The deal chatter is real — sort of
IMAX is reportedly reaching out to entertainment companies about a potential sale, according to The Wall Street Journal. Translation: the company isn’t on the auction block with a neon sign over it, but it is apparently taking a few calls and seeing who bites.
The stock liked the gossip anyway, jumping in after-hours trading. And honestly, can you blame it? If someone starts asking what your business is worth while your numbers are getting better, the market tends to perk up like it just heard a free-food announcement.
Why buyers might care
IMAX has been piling up the kind of stats that make a sales pitch easier:
- Premium screens like IMAX made up 16% of U.S. and Canadian ticket sales through early April, up from 13% in the same stretch of 2021
- IMAX says its domestic box-office share climbed to 5.2% last year from 3.2% in 2019
- In 2025, it posted its strongest year ever, with record global box office, 166 new or upgraded theater-system signings, and 160 installations
That’s not exactly the résumé of a sleepy niche player.

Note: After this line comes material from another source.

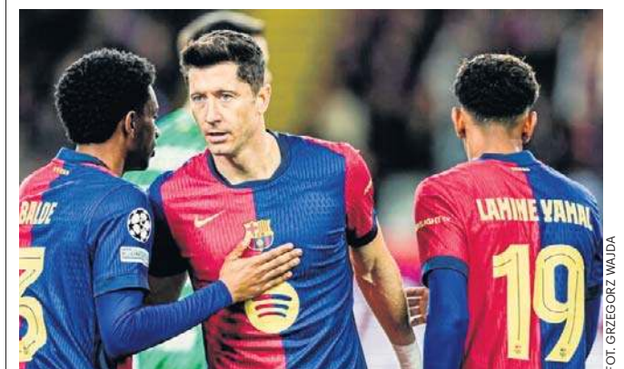
Tym razem w roli głównej wystąpił Lamine Yamal, ale Robert Lewandowski też swoje strzelił. Niestety, doznał kontuzji i po krótkiej pauzie będzie musiał grać w masce

Polka przebywa na zgrupowaniu w Dausze od niespełna dwóch tygodni. W Katarze przygotowuje się do startów w 2026 roku.

It’s more like “small brand, big swagger.”
The Netflix subplot
Netflix is also part of the conversation here, since it’s leaning into theatrical event releases. Its "Narnia: The Magician's Nephew" is set for an IMAX-first release in February 2027 before heading to Netflix in April. That matters because more event-style content can help IMAX keep its theaters busy beyond the usual blockbuster cycle.
Big picture: this is still just a rumor with better-than-average box-office storytelling. But when a company’s growth story gets juicier, the sale chatter usually gets louder.